Very limited activity in the area. The firm cargoes that left this week have been fixed rather quickly, but the tonnage list remained rather long. Rates moved downwards, but not decisively. 35,000 dwt Handysize tonnage lowered its expectations to $10,500/11,000/d for CrossMed or for the trip to Continent, Supramaxes levels were at $12,500/d at the end of the week. Russian cargoes became less attractive since the premium was not much for the risks. Most of the Owners refuse Ukraine trades these days. TA trips improved to $10,500/11,000/d level for Supramax tonnage and $11,500/12,000/d for Ultramaxes to USG and were still around $8/9,000/d to S America. Handy rates softened to $7,500/8,000/d for trips to ECSAm and $10/10,250/d to USG. Fronthauls on Supramax units were around $19,000/d on Supramax and close to $20,000/d on Ultramax while Handies remained at $13,500/14,000/d. An Handy was fixed $15,500/d to Bangladesh.

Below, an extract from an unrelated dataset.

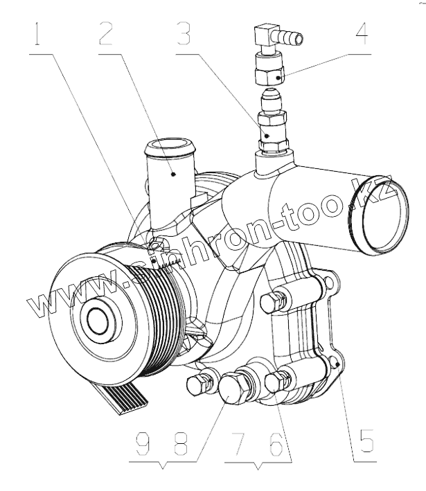 Каталог запасных частей к технике: Yuchai YC4D140N-50. D4G01-1307000 Water Pump Assembly

Handy (USA/N.Atlantic/Lakes/S.America)
The week started with an extraordinary increase of vessels, the market remained fairly stable, but towards the end of the week TransAtlantic levels were higher than fronthauls. A trip to Spore/Jpn with grains was fixed on Supramax at $21,500/d. On the TransAtlantic grain trade to E Med a Supramax was fixed at $21,500/d and to Egypt an Ultramax was done at $22,750/d. A trip to Med with petcoke was fixed at $25,500/d Supramax and woodpellets to Cont were covered at $22,000/d on a similar unit. On Handies a trip from USG to NCSAm with grains was done at $13,500/d on a 36,000 dwt.
Rates were slightly stronger on Handies and stable on Supramaxes. A 38,000 dwt was fixed basis dely aps Itaqui for a tct to BSea at $16,000/d. A 33,000 dwt built 2009 open Acu was fixed basis dely Maceio for a tct with redelivery Venezuela with sugar at $14,000/d. A W Africa fronthaul paid around $13,500/d + $350,000 gbb on a Supramax.
Handy (Indian Ocean/South Africa)
In PG and WC India the market continues its downward trend from the previous week. The availability of tonnage in the region has grown significantly compared to last week. Rates have been declining over the past few weeks, but it seems that the market will soon stabilize. Vessels opening in EC India are mainly supported by the stronger Indonesian market rather than local cargoes. However, delays are expected for ECI positions this week due to a cyclone. With the Panamax market weakening, Indonesian smx shipments are considering shifting to the pmx size.